There is a studious avoidance of responsibility. Yet one should not be surprised. The example set is none too worthy. It is known that hypocrisy exists in high places; that inconsistency is a national trait; that men in office say one thing and do another.

I heard a young man remark not long ago: “Oh, they think it’s wrong, do they, to drink? Well, how many Congressmen in Washington have replenished their wine-cellars, do you suppose, since Mr. Volstead ran this country, eh? I’d like to get affidavits from bootleggers in Washington, as to just what stock has been laid in.”

That feeling—how can one counteract it? One has no answer for such a sage youth. Alas! he does some thinking, after all; but our silly legislation has caused his thoughts to run in a direction from which we would gladly divert his mind. The fact of the matter is that most of his elders have thought long and solemnly on these same things.

It is not a pretty topic to consider. We will not face the facts—that is the trouble with America, as I see it.

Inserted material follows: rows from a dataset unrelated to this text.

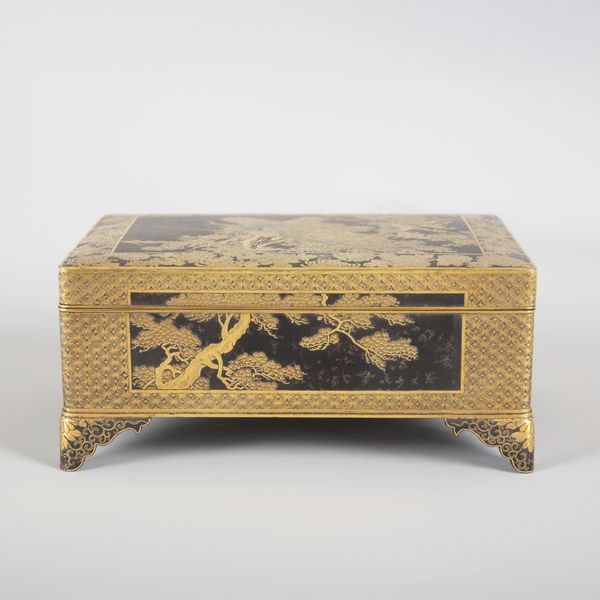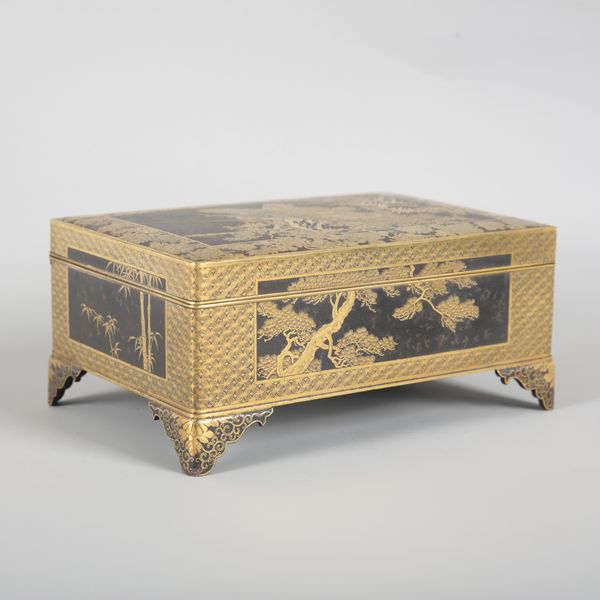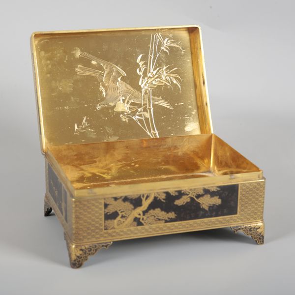The box is in largely good condition, without major damages or restoration. The cover is slightly ill fitting/tight. There is some wear and tarnishing apparent, notably some small areas of oxidisation around the feet and to the panels. Wear evident around the inner rim where the cover joins. Light surface marks consistent with age and use.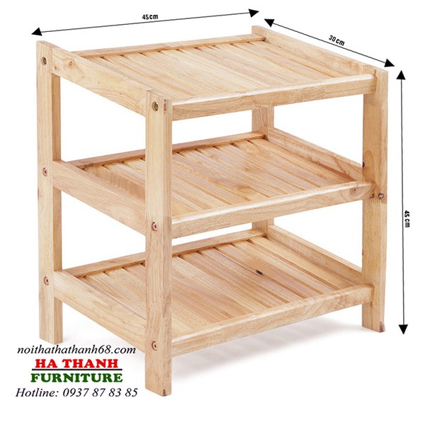 Kệ để giày dép gỗ 3 tầng rộng 45cm – sản phẩm được làm từ 100% gỗ cao su tự nhiên. Với vân gỗ rất đẹp, thớ gỗ mịn màng, chất gỗ cứng nên có khả năng kháng mối mọt rất tốt. Bạn có thể hoàn toàn yên tâm sử dụng kệ dép gỗ cho gia đình, văn phòng, trường học...1. THÔNG SỐ SẢN PHẨM: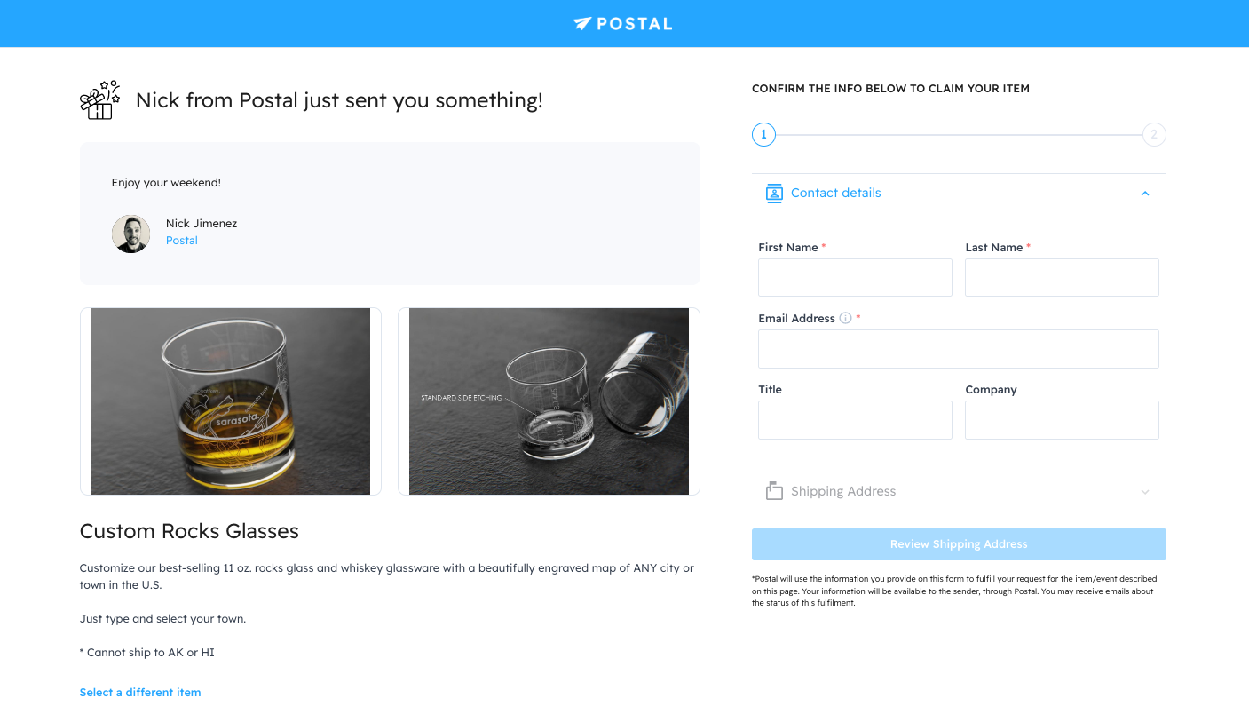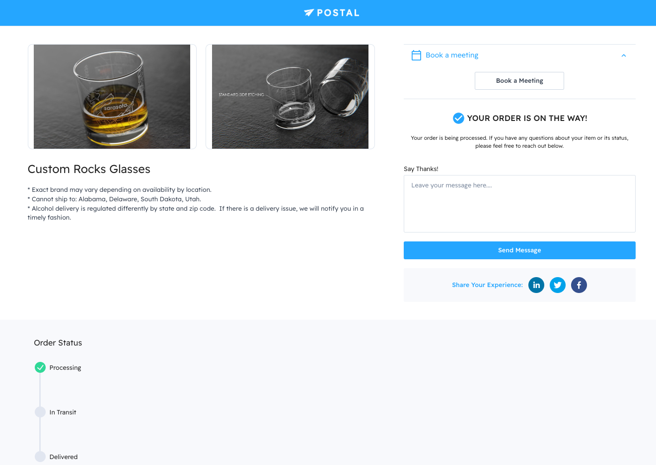 Order confirmed. You can also use this landing page to track your order (below), say thanks to the sender, and share your experience on social media!

I know one Assemblyman in New York State who bravely ran on a wet platform in a dry community, as a matter of principle. He was weary of lying to himself, and to his constituents. He said that as long as he kept a wine-cellar, and deliberately transported some of its contents when it suited him, in his car, he could not face his friends. He must come out in the open and accept their blame or their approval. He ran for office with a clear conscience; but others will not thus declare themselves. Behind veils of verbiage they discreetly conceal their political faces; alone with one another, or with you and me, they will speak their true mind on Prohibition—particularly if their tongues are loosened by one or two glasses of whiskey.

These are the men who are a danger to the Republic they pretend to serve. Janus-faces have they. They are all things to all men. The time will come when, before we go to the polls, we shall know just where each candidate stands on every issue. There will be no equivocation. Declarations must be made. Masks must be off.